Looking at some of the pages – for instance, p. 29 in the Red Scrapbook – one can see how the various items tie together to convey a feeling. A photo of Maud’s gable window; a card with flowers and a seascape; a poem about uncertain love are alongside a newspaper photo of a hen and chicks; a joke about the end of the world; a poem “At Grandmother’s”, and a 1903 clipping about the Rev. Ewan Macdonald. Maud and Ewan postponed their marriage so that Maud could see her grandmother through to the end of her days. The items suggest Maud’s musings about the gains and losses marriage will bring.
Page 26 of the Red Scrapbook, which Epperly describes as one of “Poetic Imagery”, includes a picture of the curving Cavendish shoreline, a colour illustration of a bend in a road, and a clipping of a poem, “The Bend in the Road” by Grace Denio Litchfield. The phrase “a bend in the road” recurs in the Anne books. Other items on the page – a church photo; a wedding clipping; an obituary, a pretty greeting card and a poem about ancient Egyptian slippers – hint of change but more obscurely.
The game of close reading, decoding and interpreting isn’t exact and can be frustrating. Page 33 of the Red Scrapbook includes items that seem to convey Maud’s thoughts about getting married: a picture of moonlight on water; a bride illustration; a wedding clipping, and two references to children: the poem, “Monday’s child is fair of face”, and an illustration: “The Evolution of the Engagement Ring”, showing a series of pictures of a diamond ring turning into the face of a crying child.
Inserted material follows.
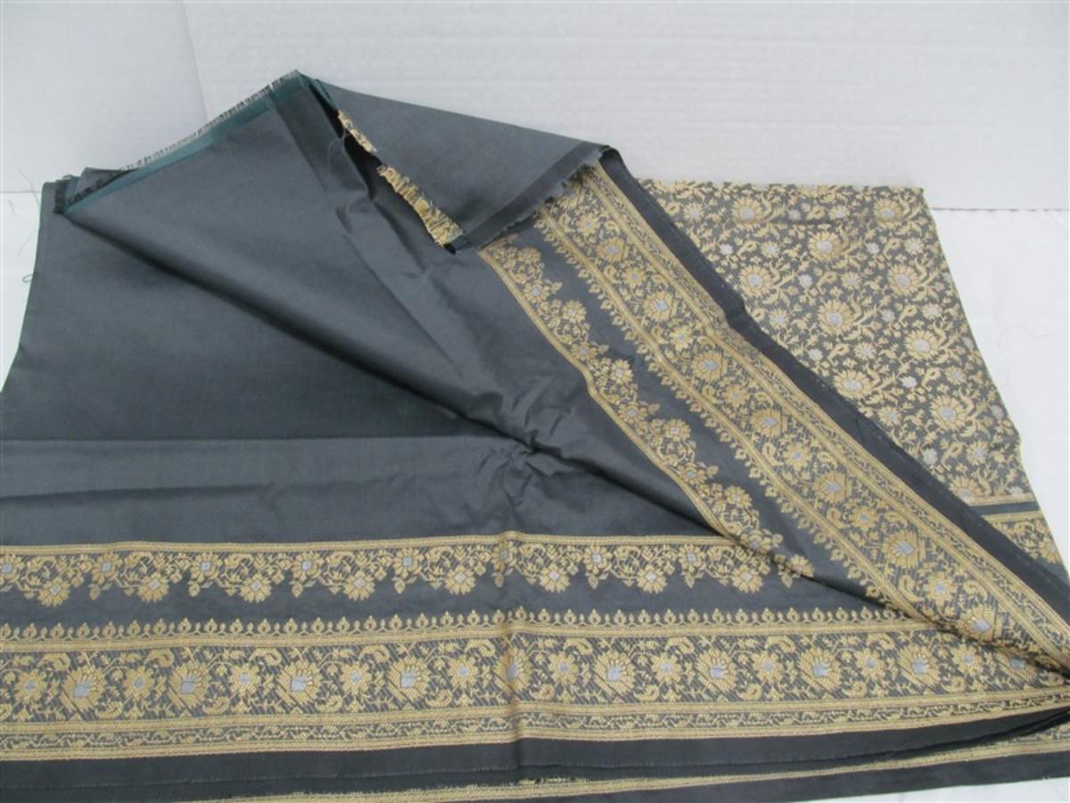 INDIAN SARI SAREE SLATE GRAY & GOLD

The copy of the College Record, of 1894, however, doesn’t seem to fit.
Some pages may simply consist of items Maud held onto for sentimental or aesthetic reasons and had to put somewhere, with no code implied. The scrapbooks don’t reveal any new information about Maud’s friendships with the opposite sex, although Herman Leard’s obituary is on one page and, on another, a newspaper photo of the Rev. Edwin Smith, a friend from later in Maud’s life. Epperly doesn’t comment on every item; for instance, the clipped-out poem, “Night is my Friend” (p. 11 of the Red Scrapbook) by “Lucy Lincoln Montgomery”. Was that one of Lucy Maud’s pen names, or was it another writer altogether? We aren’t told.
Generally, Epperly draws our attention to items we may know of from Maud’s novels and biographies, such as a clipped-out poem by her pen pal, the author Ephraim Weber. She also draws our attention to the poem, “The Fringed Gentian” (see beginning quote) which appeared in Godey’s Lady’s Book in 1884 and inspired Montgomery so much that she borrowed a phrase as the title for her biography, “The Alpine Path”.
Imagining Anne provides thirsty Montgomery fans with yet more information about their beloved Canadian author and will also engage scrapbookers curious about early examples of their craft. Although readers 10 and up may find the pictures interesting, the book will be best appreciated by older readers who already know something about Maud’s life and work.